Return each line of the data below exactly, omitting any pictures.

*Source data:*
---
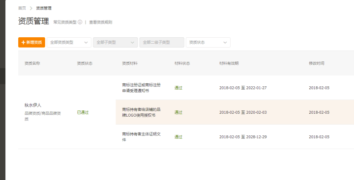 注意:1)同一品牌,请只点击提交一次【新增资质】即可
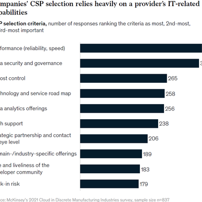 Mckinsey 对离散制造行业客户的调研,哪些因素是其选择公有云服务商时的前三个倾向要素。
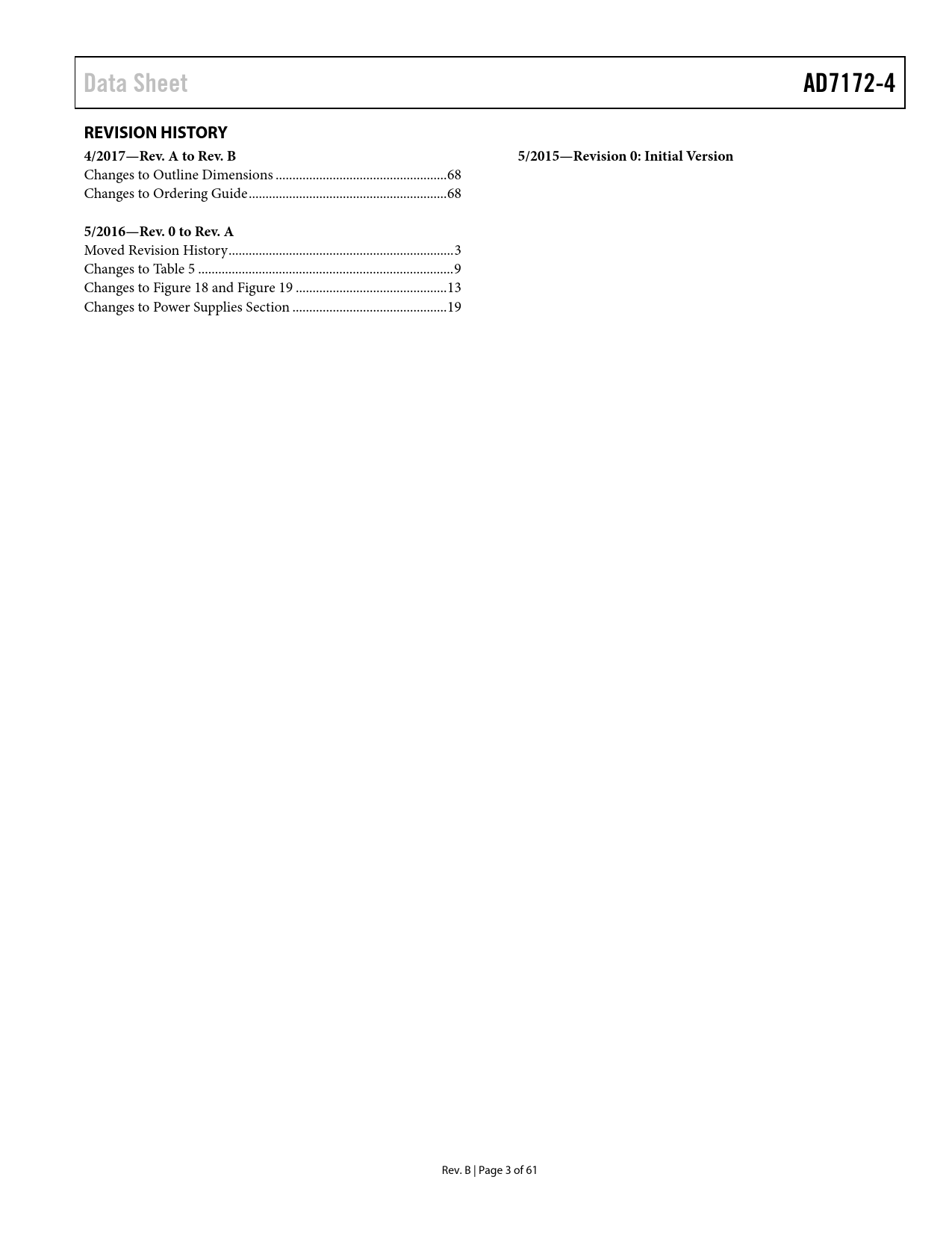 | Seiten / Seite | 62 / 4 — Data Sheet. AD7172-4. REVISION HISTORY. 4/2017—Rev. A to Rev. B. … |
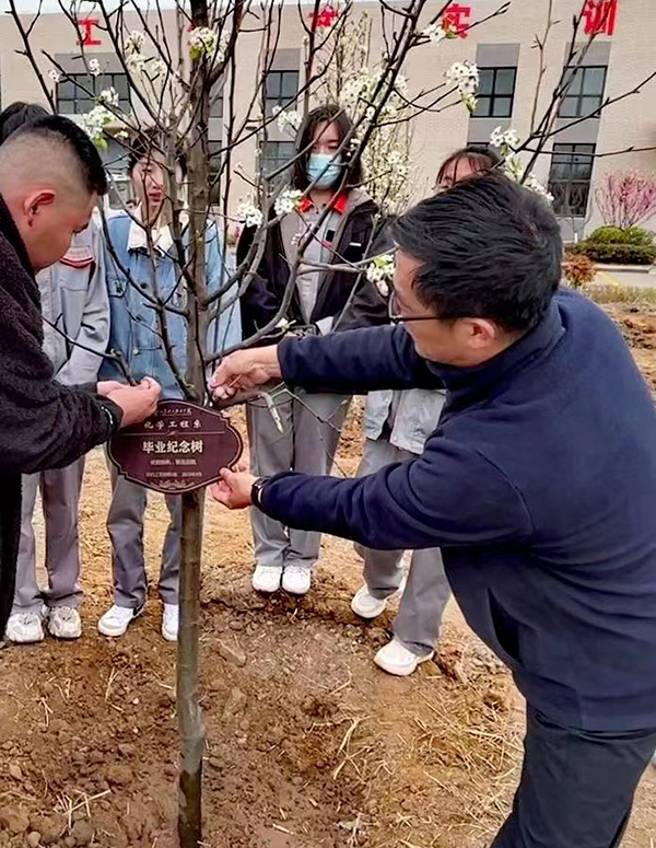 現(xiàn)場,老師和同學(xué)們一起揮鍬鏟土、扶直苗木、回填細壤、夯實土層、提水澆灌……大家飽含感恩之情親手栽下一棵棵彩葉豆梨。并把帶有班級名稱和寄語的樹牌掛在枝頭,用這種獨特的畢業(yè)紀念方式,向美好未來喝彩。
---
*Solved exercise:*
 注意:1)同一品牌,请只点击提交一次【新增资质】即可
 Mckinsey 对离散制造行业客户的调研,哪些因素是其选择公有云服务商时的前三个倾向要素。
 | Seiten / Seite | 62 / 4 — Data Sheet. AD7172-4. REVISION HISTORY. 4/2017—Rev. A to Rev. B. … |
 現(xiàn)場,老師和同學(xué)們一起揮鍬鏟土、扶直苗木、回填細壤、夯實土層、提水澆灌……大家飽含感恩之情親手栽下一棵棵彩葉豆梨。并把帶有班級名稱和寄語的樹牌掛在枝頭,用這種獨特的畢業(yè)紀念方式,向美好未來喝彩。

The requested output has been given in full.